| AVAILABLE RECORDS |

┌──

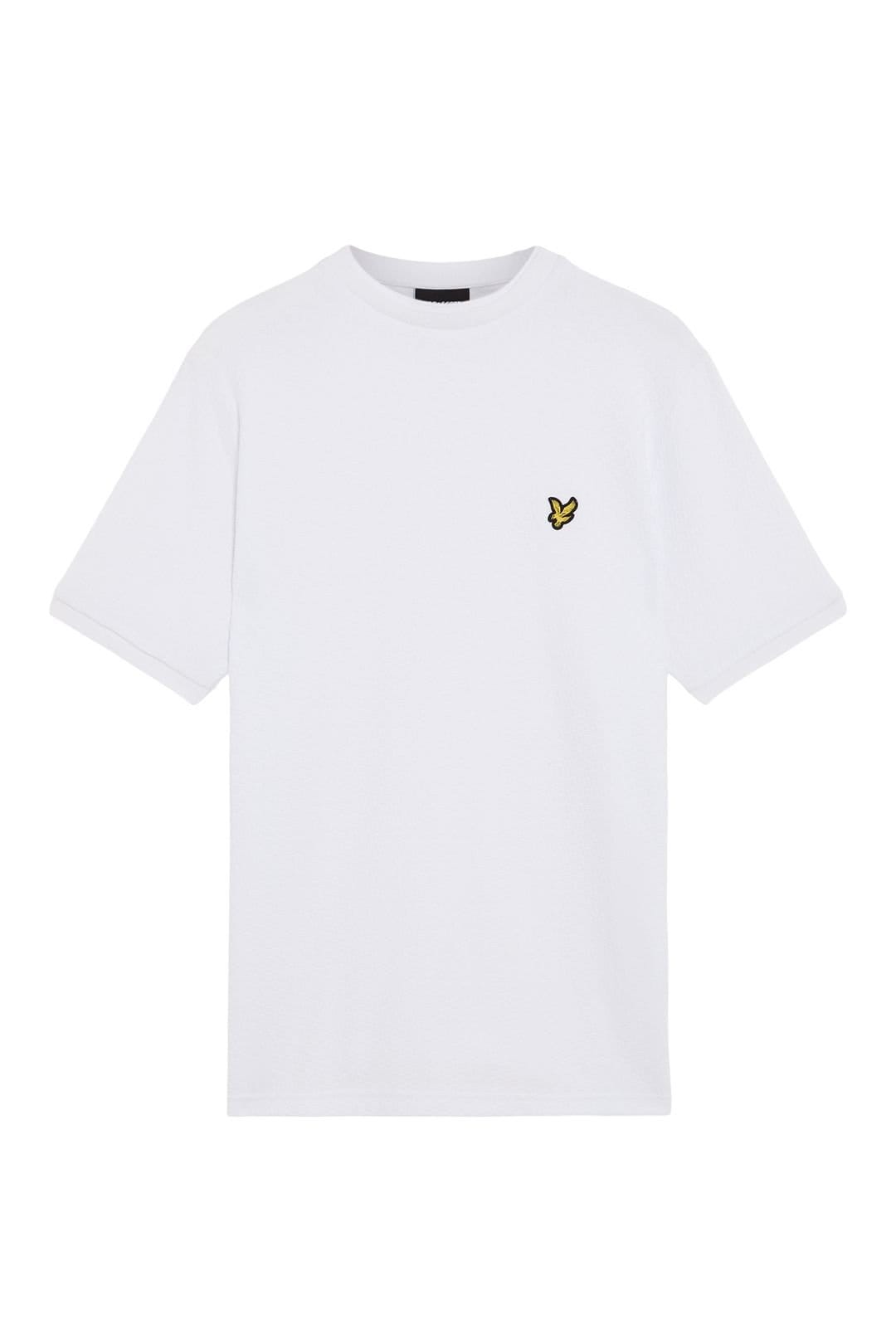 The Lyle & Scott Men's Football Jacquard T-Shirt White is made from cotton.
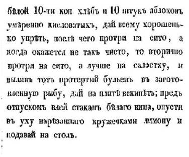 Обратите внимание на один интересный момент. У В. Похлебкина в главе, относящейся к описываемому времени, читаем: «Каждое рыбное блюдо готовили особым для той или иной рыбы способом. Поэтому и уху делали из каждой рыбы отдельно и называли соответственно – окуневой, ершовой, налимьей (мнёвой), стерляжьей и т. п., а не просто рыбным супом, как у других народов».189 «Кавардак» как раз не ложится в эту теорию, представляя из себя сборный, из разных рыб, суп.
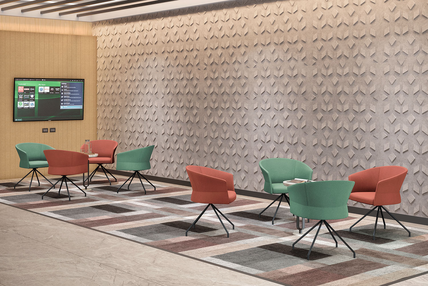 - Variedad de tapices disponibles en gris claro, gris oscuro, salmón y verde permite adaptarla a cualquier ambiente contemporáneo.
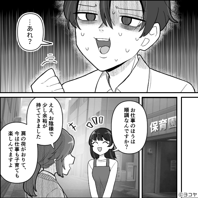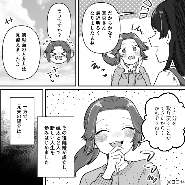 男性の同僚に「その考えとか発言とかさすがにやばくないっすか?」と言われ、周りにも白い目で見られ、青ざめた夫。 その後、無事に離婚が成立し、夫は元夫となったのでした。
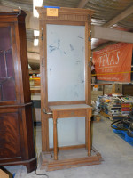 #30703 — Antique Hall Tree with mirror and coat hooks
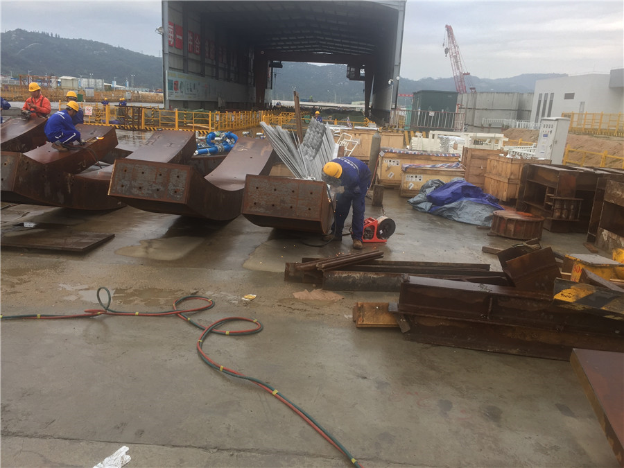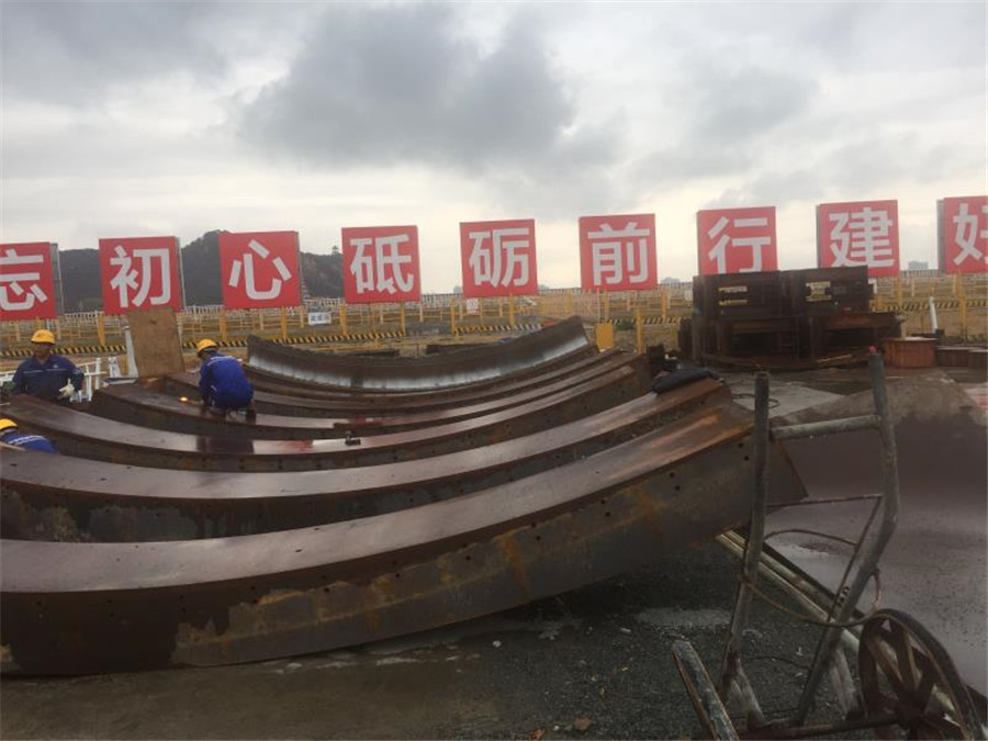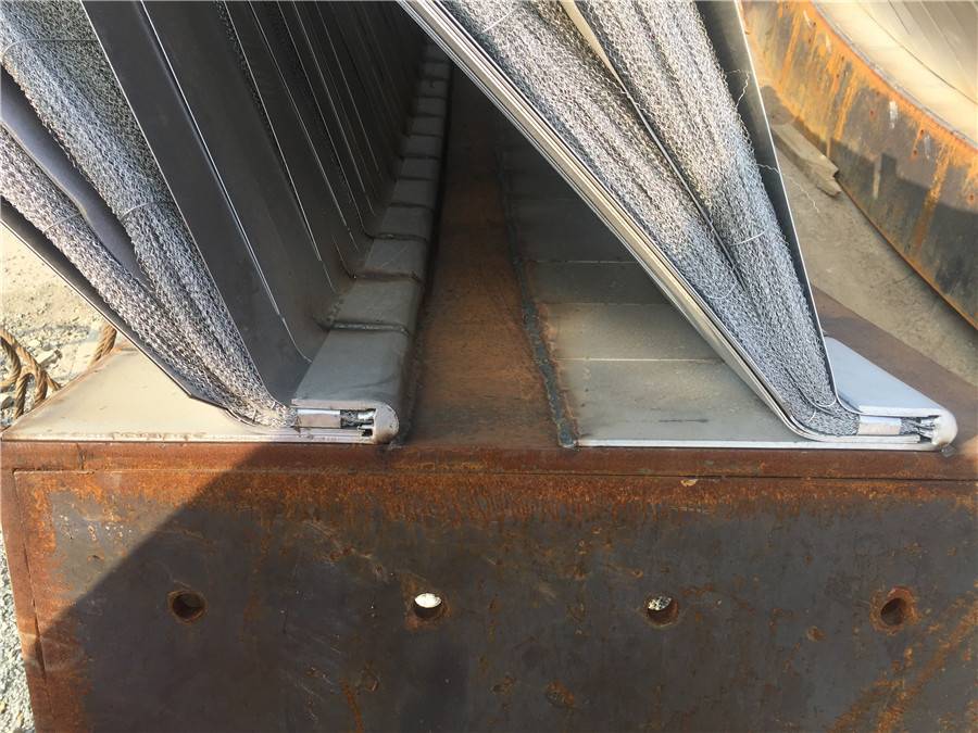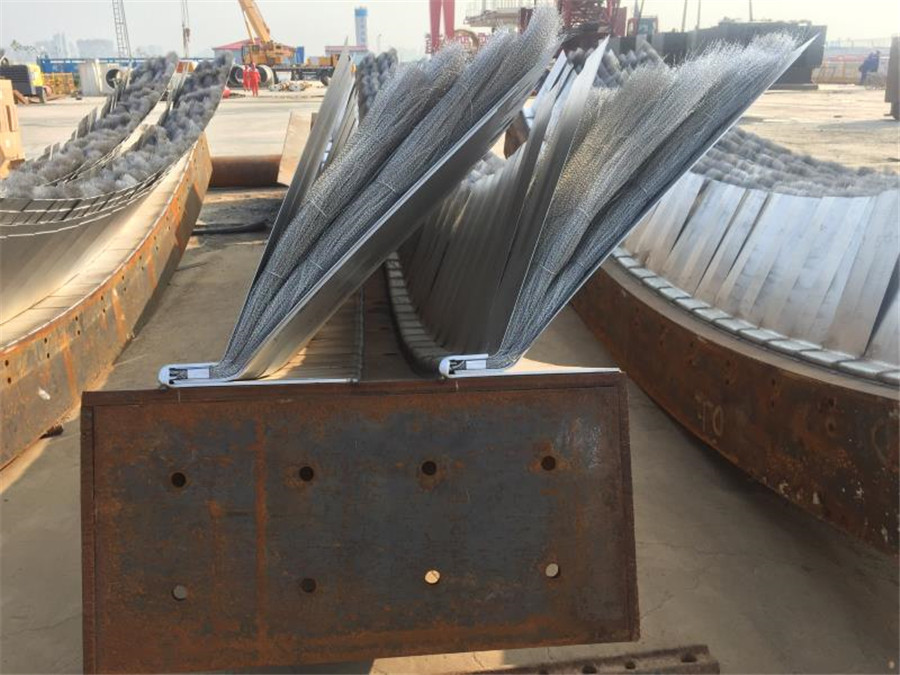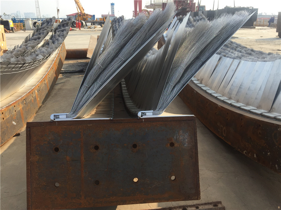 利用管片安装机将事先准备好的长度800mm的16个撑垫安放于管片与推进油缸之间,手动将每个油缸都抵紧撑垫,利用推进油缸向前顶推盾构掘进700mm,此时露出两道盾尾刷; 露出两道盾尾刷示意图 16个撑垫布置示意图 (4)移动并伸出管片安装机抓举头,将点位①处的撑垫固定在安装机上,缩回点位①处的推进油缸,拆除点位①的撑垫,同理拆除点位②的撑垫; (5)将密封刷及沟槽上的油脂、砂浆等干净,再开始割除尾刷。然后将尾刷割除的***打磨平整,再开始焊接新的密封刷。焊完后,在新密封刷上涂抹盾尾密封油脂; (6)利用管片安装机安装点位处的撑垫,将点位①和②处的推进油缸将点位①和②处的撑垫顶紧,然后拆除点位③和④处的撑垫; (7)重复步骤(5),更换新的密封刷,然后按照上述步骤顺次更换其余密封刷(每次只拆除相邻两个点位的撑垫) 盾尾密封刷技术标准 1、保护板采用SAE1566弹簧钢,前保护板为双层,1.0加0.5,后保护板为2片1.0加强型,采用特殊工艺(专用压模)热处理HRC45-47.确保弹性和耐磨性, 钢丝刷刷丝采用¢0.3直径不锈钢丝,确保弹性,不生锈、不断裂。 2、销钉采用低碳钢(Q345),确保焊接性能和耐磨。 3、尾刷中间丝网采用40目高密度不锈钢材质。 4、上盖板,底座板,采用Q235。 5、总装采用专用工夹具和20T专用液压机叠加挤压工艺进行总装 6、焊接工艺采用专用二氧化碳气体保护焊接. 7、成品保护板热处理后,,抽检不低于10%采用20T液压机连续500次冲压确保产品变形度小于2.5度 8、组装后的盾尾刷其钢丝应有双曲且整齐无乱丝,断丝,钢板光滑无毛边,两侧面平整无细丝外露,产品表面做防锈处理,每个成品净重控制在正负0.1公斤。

└──
┌──

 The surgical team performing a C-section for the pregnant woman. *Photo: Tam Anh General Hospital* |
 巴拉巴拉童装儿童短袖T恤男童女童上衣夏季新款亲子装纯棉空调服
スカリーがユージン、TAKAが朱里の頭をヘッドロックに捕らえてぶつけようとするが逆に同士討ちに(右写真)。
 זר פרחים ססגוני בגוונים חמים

└──
┌──

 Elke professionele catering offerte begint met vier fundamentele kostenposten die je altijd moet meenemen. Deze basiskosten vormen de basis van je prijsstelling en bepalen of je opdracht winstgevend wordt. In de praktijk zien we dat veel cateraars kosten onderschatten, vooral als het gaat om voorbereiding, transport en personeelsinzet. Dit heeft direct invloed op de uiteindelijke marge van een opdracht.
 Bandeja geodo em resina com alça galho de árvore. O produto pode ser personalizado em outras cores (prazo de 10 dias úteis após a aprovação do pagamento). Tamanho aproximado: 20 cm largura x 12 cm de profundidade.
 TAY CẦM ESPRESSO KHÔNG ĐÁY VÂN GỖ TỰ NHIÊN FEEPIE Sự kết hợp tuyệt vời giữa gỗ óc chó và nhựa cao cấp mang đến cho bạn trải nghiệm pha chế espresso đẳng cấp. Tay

└──

| WHAT YOU WILL DO |
Look above for the line with "The Lyle & Scott" and copy exactly from it through the line with "- Variedad de", both included. Omit the pictures.

| TASK OUTPUT |
 The Lyle & Scott Men's Football Jacquard T-Shirt White is made from cotton.
 Обратите внимание на один интересный момент. У В. Похлебкина в главе, относящейся к описываемому времени, читаем: «Каждое рыбное блюдо готовили особым для той или иной рыбы способом. Поэтому и уху делали из каждой рыбы отдельно и называли соответственно – окуневой, ершовой, налимьей (мнёвой), стерляжьей и т. п., а не просто рыбным супом, как у других народов».189 «Кавардак» как раз не ложится в эту теорию, представляя из себя сборный, из разных рыб, суп.
 - Variedad de tapices disponibles en gris claro, gris oscuro, salmón y verde permite adaptarla a cualquier ambiente contemporáneo.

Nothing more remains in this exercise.